A number of dyes have been shown to fluoresce and are useful in that they tend to be specific to various tissues, which can then be demonstrated by UV irradiation and subsequent fluorescence of the attached fluorochrome.
Coupling antibodies to the fluorochromes can enhance specificity, and this technique has found wide application in microbiology.
As with the staining procedures described earlier, this technique can only
be applied to dead cells.
The three following techniques have been developed for the examination of living organisms.
The usual function of the microscope condenser is to concentrate as much light as possible through the specimen and into the objective lens.
The dark-ground condenser performs the opposite task, producing a hollow cone of light that comes to a focus on the specimen.
The rays of light in the cone are at an oblique angle, such that after passing across the specimen, they continue without meeting the front lens of the objective, resulting in a dark background.
Any objects present at the point of focus scatter the light, which then enters the objective and shows up as a bright image against the dark background.
Specimen preparation is critical, as very dilute bacterial suspensions are required, preferably with all the objects in the same plane of focus.
Air bubbles must be absent from both the film and the immersion oil, if used.
Dust and grease also scatter light and
destroy the uniformly black background required for this technique.
With this technique it is not possible
to see any real detail but it is useful to study motility.

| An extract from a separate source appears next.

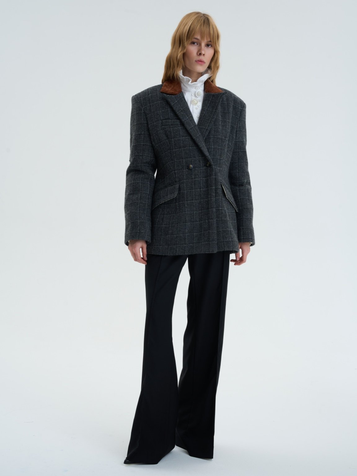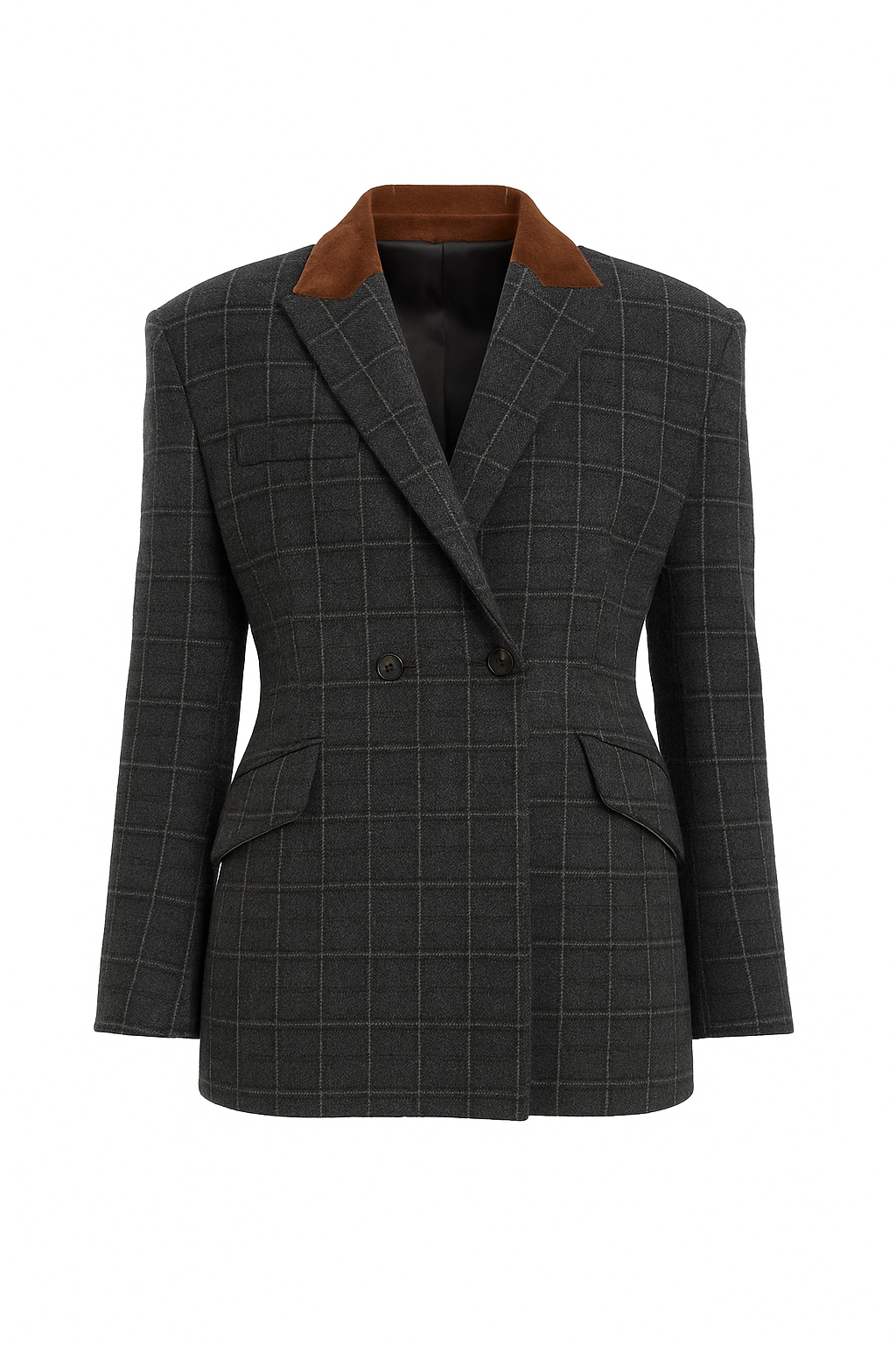 A statement reinterpretation of the classic men’s blazer. Crafted from structured checked wool, this double-breasted jacket features pronounced shoulders, a defined waistline, and a contrasting velvet collar that adds depth and refinement. The silhouette evokes strength and elegance — sharp tailoring with a touch of theatrical charm.

This technique allows us to see transparent objects well contrasted from the background in clear detail and is the most widely used image-enhancement method in microbiology.
In essence, an annulus of light is produced by the condenser of the microscope and focused on the back focal plane of the objective, where a phase plate, comprising a glass disc containing an annular depression, is situated.
The direct rays of the light source annulus pass through the annular groove and any diffracted rays pass through the remainder of the disc.
Passage of the diffracted light through this thicker glass layer results in retardation of the light.
This alters its phase relationship to the direct rays and increases contrast.
Differential-interference contrast microscopy
This method uses polarized light and has other applications outside the scope of this chapter, such as detecting surface irregularities in opaque specimens.
It offers some advantages over phase-contrast microscopy, notably the elimination of haloes around the object edges, and enables extremely detailed
observation of specimens.
It does, however, tend to be more difficult to set up.
The highest magnification available using a light microscope is approximately ×1500.
This limitation is imposed not by the design of the microscope itself,
as much higher magnifications are possible, but by the wavelength of light.
An object can only be seen if it causes a ray of light to deflect. If a particle is
very small, then no deflection is produced and the object is not seen.
Visible light has a wavelength
between 0.3 µm and 0.8 µm, and objects less than 0.3 µm will not be clearly resolved, i.e. even if the magnification were increased no more detail would
In order to increase the resolution it is
necessary to use light of a shorter wavelength, such as UV light. This has been done and resulted in some
useful applications but generally, for the purposes of increased definition, electrons are used and they can be thought of as behaving like very short wavelength light.
Transmission electron microscopy requires the preparation of ultrathin (50 nm to 60 nm) sections of material mounted on grids for support.
Because of the severe conditions applied to the specimen during preparation, and the likelihood of artefacts, care must be taken in the interpretation of information from electron micrographs.